Grasser Marine Engine – Part 2 of 2
This is the second in a two-part series on Dave Irey’s restoration of a Grasser marine engine. Read Part 1 for the first part of the restoration.
Circa-1907 Grasser Marine
Manufacturer: Grasser Motor Co., Toledo, OH
Serial no.: None marked on engine
Horsepower: 2-1/2-3 hp (est.)
Bore & stroke: 3-1/16 in x 3-1/4 in
Flywheel dia.: 12 in x 2-5/8 in
Ignition: Spark plug w/battery and buzz coil
With the piston, connecting rod and bearings taken care of, it was gasket cutting and assembly time. I purchased a big sheet of 1/32-inch-thick gasket paper at my local auto parts store and cut new gaskets for the crankcase. I also cut out the gasket for the exhaust flange, using exhaust gasket paper.

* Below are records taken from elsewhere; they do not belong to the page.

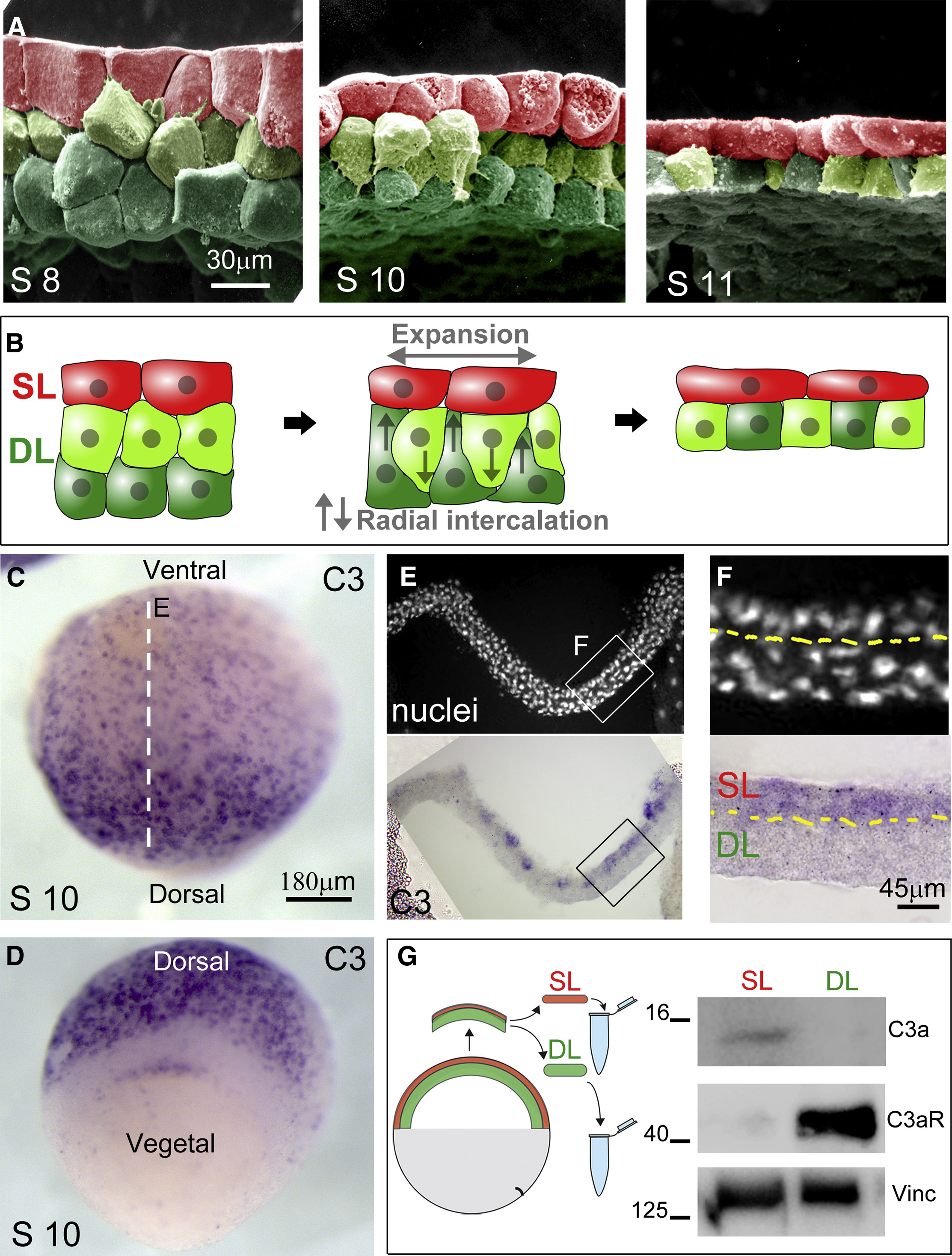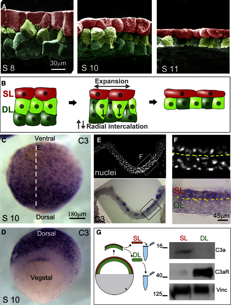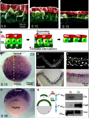 Figure1. Radial Intercalation Is Accompanied by Expression of C3 and C3aR during Xenopus Epiboly(A) SEM images of blastocoel roof during epiboly inXenopus embryos at stages 8, 10, and 11. False coloring indicates superficial cells (red), and the intercalation of outer-deep (light green) and inner-deep (dark-green) cells.(B) Schematic illustration of the process of epiboly in Xenopus shown in (A), including expansion of the superficial layer (SL) and the RI of the deep cell layer (DL). Note that the DL does not intercalate into the SL.(C and D) In situ hybridization (ISH) reveals C3 expression in the animal (C) but not in the vegetal (D) pole region during epiboly.(E and F) Cross-section (E) and zoom (F) of nuclei and ISH along the dashed line indicated in (C) show that C3 is expressed in the SL.(G) Western blot analysis showing differential expression of C3a and C3aR in the SL and DL ofstage 10 embryos, respectively. Loading control, vinculin. |
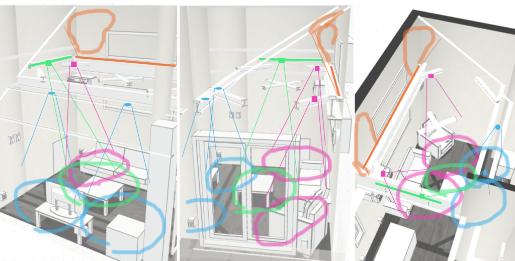 私は、位置の検討をあらかじめ行い打ち合わせに臨みましたが、ざっくり部屋単位などで追加数を指示して打ち合わせで位置を決めることもできると思います。さらに位置についても、配置予定の家具・家電をすべて予定して伝え、それに不都合がないように設計士さんに配置してもらう方法を取れるかもしれません。
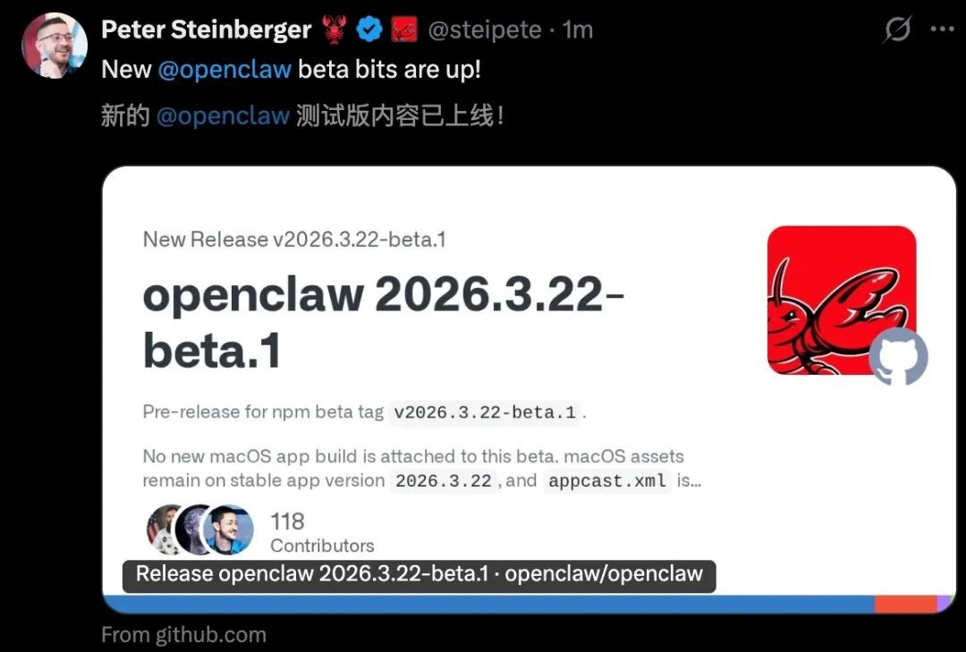 项目负责人Peter Steinberger正式宣布,OpenClaw「2026.3.22-beta.1」预览版现已上线。
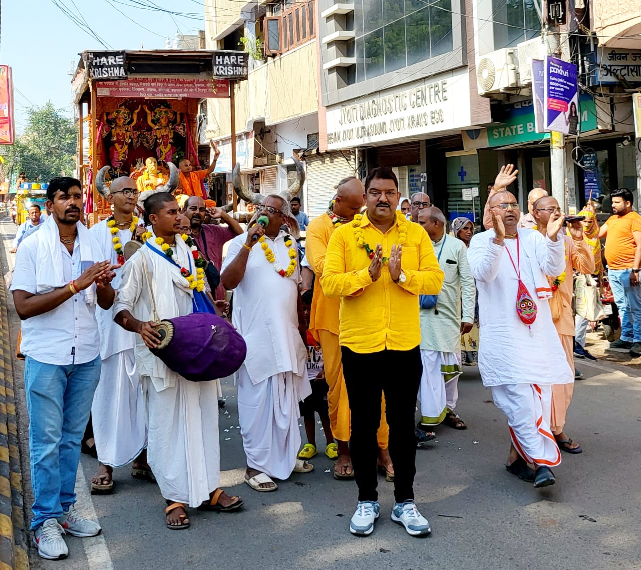 झांसी। भगवद् वाणी का प्रचार करने व्रंदावन से शुरू हुई इस्कान की हरिनाम संकीर्तन पदयात्रा ने सोमवार को महानगर में भ्रमण किया। श्रद्धालुओं ने पुष्प वर्षा कर भव्य स्वागत किया। यह संकीर्तन पदयात्रा कार्तिक मास में झाँसी के ग्रामीण इलाकों में भी हरिनाम संकीर्तन कर भगवद गीता का प्रचार प्रसार करेगी।श्रील प्रभुपाद जी के जन्म शताब्दी वर्ष पर श्रील लोकनाथ स्वामी महाराज ने विश्व के 108 संकीर्तन पदयात्रा का आयोजन किया। इसी क्रम में उत्तर प्रदेश संकीर्तन पदयात्रा का सोमवार को नगर में आगमन हुआ । आतिया तालाब स्थित राधाबाई के स्मारक पर भव्य स्वागत किया। यहां श्रील प्रभुपाद ने 70 वर्ष पूर्व 1952 में भक्ति संघ की स्थापना की थी। पदयात्रा में सुन्दर काठियावाड़ी रथ पर भगवान चैतन्य महाप्रभु, नित्यानंद प्रभु के दिव्य विग्रह व श्रील प्रभुपाद जी की मूर्ति विराजमान थी। म्रदंग के मधुर स्वर के मध्य हरे रामा हरे कृष्णा महामंत्र के बीच पदयात्रा महनगर में भ्रमण कर इस्कान मंदिर में पहुँची। संकीर्तन पदयात्रा के प्रभारी ऋतुदास ब्रह्मचारी ने बताया कि संपूर्ण कार्तिक मास में संकीर्तन पदयात्रा झांसी में रहकर हरिनाम का प्रचार करेगी। इस अवसर पर नगर विधायक रवि शर्मा, मंदिर अध्यक्ष ब्रजभूमि दास प्रभु, पीयूष रावत, रमेश राय, अजय अग्रवाल,करुणा सिंधु दास,चंद्रभान दास, हनुमान दास,अंकित सोनी, आर के टेलर्स आदि मौजूद रहे।
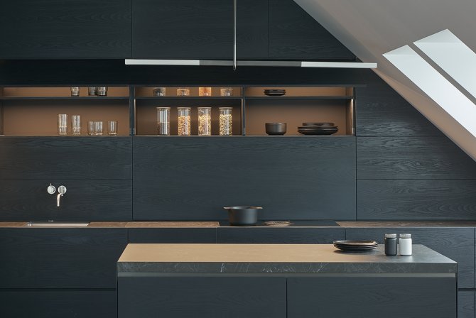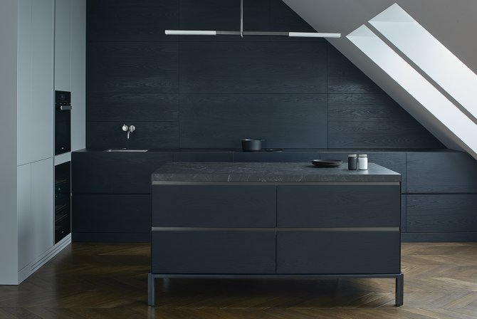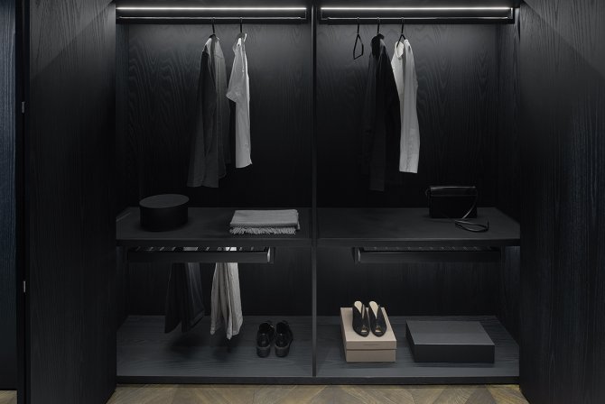 Erdvūs apartamentai Vilniaus senamiestyje buvo kuriami laikantis kelių esminių principų: išgryninta tūrinė forma, sprendinių ilgaamžiškumas, maksimalus natūralių apdailų panaudojimas. Erdvėse gausu natūralaus apšvietimo, todėl buvo pasirinkti tamsūs spalviniai tonai. Kontrastingos sienų plokštumos pabrėžia patalpų vidaus architektūrą, akcentuoja charakteringas šlaitinių lubų linijas. Juodo uosio faneruotė tampa tinkamu fonu dominuoti marmuro raštui, nerūdijančio plieno ir juodinto chromo detalėms.
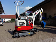 1,2 Tonnen Minibagger. Unterwagen verstellbar von 75 bis 120 cm. Standardtieflöffel 30 cm, Grabenräumlöffel 70 cm, Abbruchhammer 60 kg.
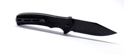 Markolat és zármechanizmusA markolat anyaga G10, amely tartós, könnyű és csúszásmentes fogást biztosít. A zármechanizmus egy gombzár, amely gyors és biztonságos egykezes használatot tesz lehetővé. A kerámia golyóscsapágyak sima nyitást garantálnak, míg a flipper segítségével gyorsan aktiválható a penge.
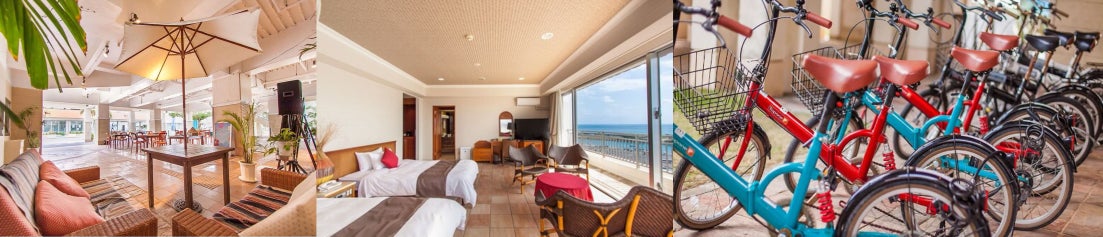 ホテルではシュノーケルやフィン、ライフジャケットなどマリンアクティビティに必要なアイテムが2,000円~レンタル可能で、アクティブに過ごしたい方にもピッタリです。屋上には海を見渡せる「サンセットテラス」があり、夕日や星空、朝日など宮古島の広い空と海をお楽しみいただけます。
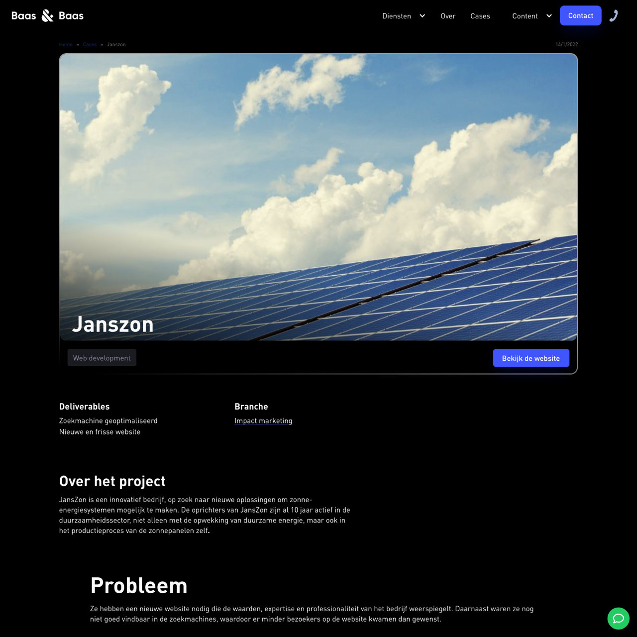Baas & Baas redesigned JansZon's website to reflect its values, expertise, and professionalism, improving search engine visibility and user experience. The new site features a modern design, optimized for mobile devices, and includes a hero video with readable overlay text. SEO improvements helped increase visibility and traffic, leading to higher conversion rates and better online performance. The site is now more effective in driving leads and generating revenue for the sustainable energy company.

The rest of the engine connections are pipe thread fittings. I started the reassembly by assembling the piston, wrist pin and connecting rod. New rings went on the new piston and then I installed this assembly into the cylinder, followed by the crankshaft and main bearings. The connecting rod cap with shims was installed and the rod bolts torqued to 45ft/lb. The bottom crankcase cover was then bolted on with the new gaskets, as shown in Figure 1. The crankcase cover doubles as the mount for bolting the engine into a boat frame. As it wasn’t going into a boat, I would have to make a cart.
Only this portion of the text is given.